Part 1 will focus on everything except Prometheus and then we’ll come back to that one in part 2.

It ain’t much, but it’s home.
Pieces used
Broadly speaking, this system goes collection → storage → display. For this setup, I’ve used the following:
-
Alloy (collection): Alloy is a Swiss army knife data collector that can output to multiple storage systems. Why Alloy? No particular reason other than Promtail is deprecated (sidebar: a fact that it’d be nice if Grafana’s own Getting Started documentation could tell us before we set everything up with Promtail). Anyway, Alloy has a pretty good acquire → transform → output flow that’s pretty easy to get into.
-
Loki (storage): Loki takes lines of logs and some associated metadata as a key-value list. The metadata goes into a database index; the logs are compressed and stored. As a result, searches against Loki are fast against the data in the key-value store and slower against individual log lines (compared to having all your logs in text and just ripgrep’ing across them). This is important to know when using Loki: if you can dice your data by your key-value indicators, it’ll be fast.
-
Prometheus (storage): Prometheus is a time-series datastore; it stores values associated with specific points in time, and then lets you aggregate those values into statistical analysis. This differs from log lines mostly in the data density; time series datapoints are “pre-digested” so that the statistical analysis can happen fast with no additional transformation of the data itself (Grafana is capable of doing statistical analysis on data extracted from log lines, but since it has to run a transform on each log line to go from text to numbers, that’s slow). Alloy can emit to Prometheus in addition to Loki. I set up Prometheus in part 2.
-
Grafana (display): Grafana is capable of rendering data stored in multiple datastores (including Loki and Prometheus), building dashboards, and setting up alerts and notifications for unexpected events. This is my top-level.
The setup
Now that all the actors are in place, here’s how they’re set up on my system.
-
One node hosts Loki, Prometheus, and Grafana. For real robustness you want to spread that kind of thing out so the loss of one node doesn’t wreck your ability to get logs, but this gets me started.
-
Each node hosts an Alloy instance that does local collection and pushes everything off to the host node.

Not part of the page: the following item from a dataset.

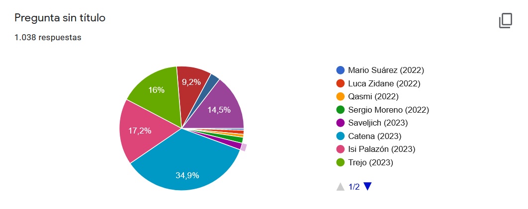 Con más de 1000 votos, el 35% de ellos han ido a parar a Alejandro Catena quien es el favorito de la afición para ser renovado. Le siguen Isi (17%), Trejo (16%) y Santi.

For each of these, I set up a small Docker Compose and a set of config files to get it going.
The host node
The host node has one compose file configuring the two containers and Grafana, living on a bridged network named loki
.
services:
loki:
restart: always
image: grafana/loki:3.4.1
ports:
- 3100:3100
volumes:
- type: bind
source: ./loki-config.yaml
target: /etc/loki/loki-config.yml
networks:
- loki
grafana:
environment:
- GF_PATHS_PROVISIONING=/etc/grafana/provisioning
- GF_AUTH_ANONYMOUS_ENABLED=true
- GF_AUTH_ANONYMOUS_ORG_ROLE=Admin
- GF_FEATURE_TOGGLES_ENABLE=alertingSimplifiedRouting,alertingQueryAndExpressionsStepMode
entrypoint:
- sh
- -euc
- |
mkdir -p /etc/grafana/provisioning/datasources
cat <<EOF > /etc/grafana/provisioning/datasources/ds.yaml
apiVersion: 1
datasources:
- name: Loki
type: loki
access: proxy
orgId: 1
url: http://loki:3100
basicAuth: false
isDefault: true
version: 1
editable: false
EOF
/run.sh
image: grafana/grafana:latest
ports:
- "3000:3000"
networks:
- loki
networks:
loki:
driver: bridge
All of this can be started with a simple docker compose up --detach
once the config files are in place. The Grafana entrypoint executes a script that dumps a local ds.yaml
file into the container that describes my Loki node. That’s a little silly; I can pull this out into another file living at a bound volume location, but this works okay. Worth noting is that Grafana is a little bit stubborn about changing the configuration of its sources after it boots up; it stores them to a local DB and changing ds.yaml doesn’t automatically update them even if you restart the node. If there’s a better way to address this I’d like to know what it is.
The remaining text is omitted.